Figure 1. The AF291 antibody recognizes the HA epitope in U-ExM of detergent extracted T. brucei cytoskeletons. Transgenic T. brucei cells expressing PF16::3HA were analyzed by U-ExM using the anti-HA antibody AF291 (green), and counterstained with the AA345 anti-alpha tubulin (red), to provide cellular context. Images were captured on a Leica DMi8; projected z-stacks of the whole cell signal are shown (left). Consistent with a flagellar central pair localization, the anti-HA antibody signal runs along the cell body of the parasite. The magnified inset (right) shows the base of the flagellum with the anti-HA signal emerging from the axoneme base. Key structural features of the flagellar base are marked: pro-basal body (pBB), basal body (BB), and flagellar transition zone (TZ).

Conflict of interest

The authors declare no conflict of interest.

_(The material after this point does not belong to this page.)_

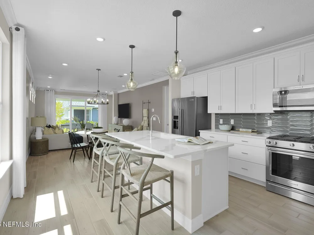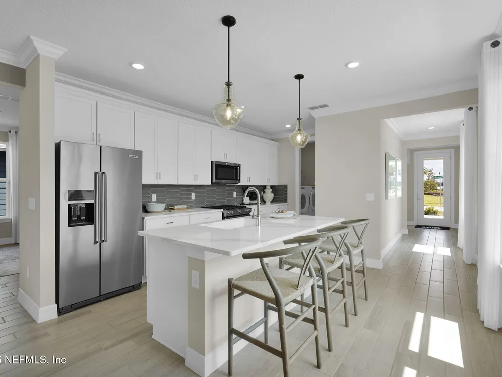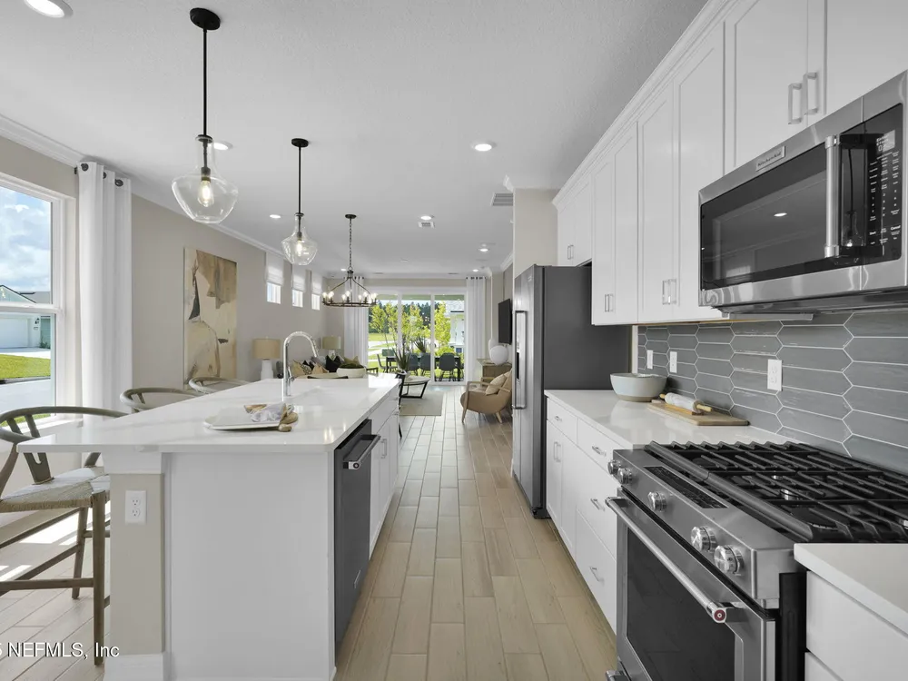 This Hallmark model home combines classic style with modern functionality. The Traditional exterior welcomes you into an upgraded interior with 2 bedrooms, 2 bathrooms, a 2-car garage with 4' extension, and an enclosed flex room—perfect for a home office or hobby space. Luxury vinyl plank flooring carries throughout the main living areas and owner's suite. The upgraded laundry room includes added cabinetry for extra storage. The gourmet kitchen offers built-in stainless steel Whirlpool appliances, 42'' white cabinets, quartz countertops, and a clean white tile backsplash. The kitchen connects effortlessly to the café and gathering room, flowing right out to your covered lanai—making indoor/outdoor entertaining simple.The owner's suite serves as a quiet retreat, complete with a dual-sink vanity, soft-close cabinets, a walk-in glass shower, and a large walk-in closet.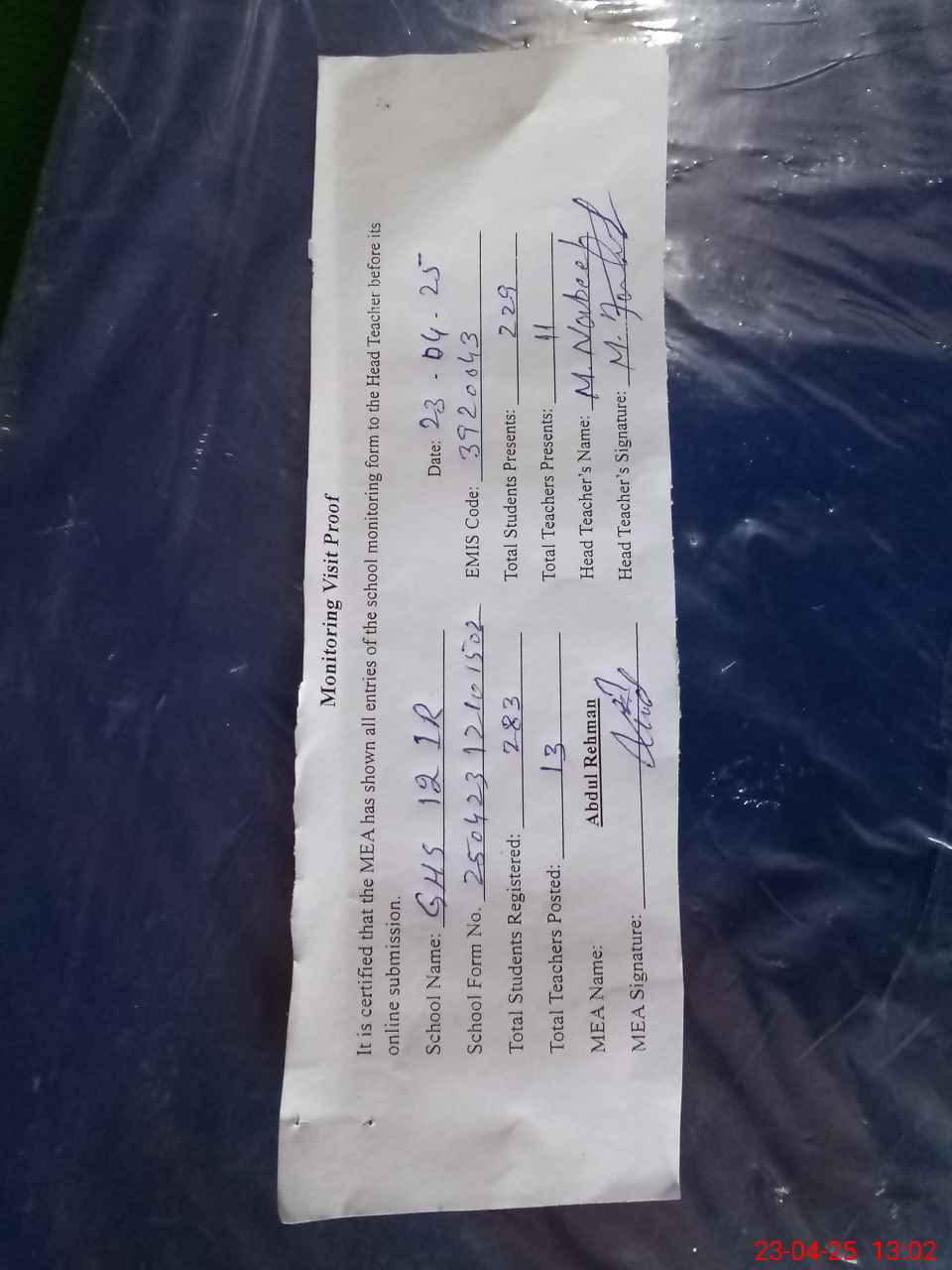 | EMIS Code: 39320043 | Name of School: GHS CHAK NO.12/1-R | |||

Data Availability Statement

The data that support the findings of this study are available from the corresponding author upon reasonable request.

Acknowledgements

AP was supported by an Academy of Medical Sciences Springboard award [SBF006/1126] and BBSRC NIRG (BB/Y012739/1) to SD. JSC is supported by a doctoral scholarship from the Warwick-A*STAR research attachment program and SN was supported by an MRC doctoral training program award. We would like to thank Vladimir Varga (Czech Academy of Sciences) for his help establishing U-ExM in our laboratory and the Warwick Medical School for their institutional support.

Author contributions

AP performed the U-ExM and helped write the manuscript, JSC and SN helped establish the method, SD provided funding, supervision, and wrote the manuscript.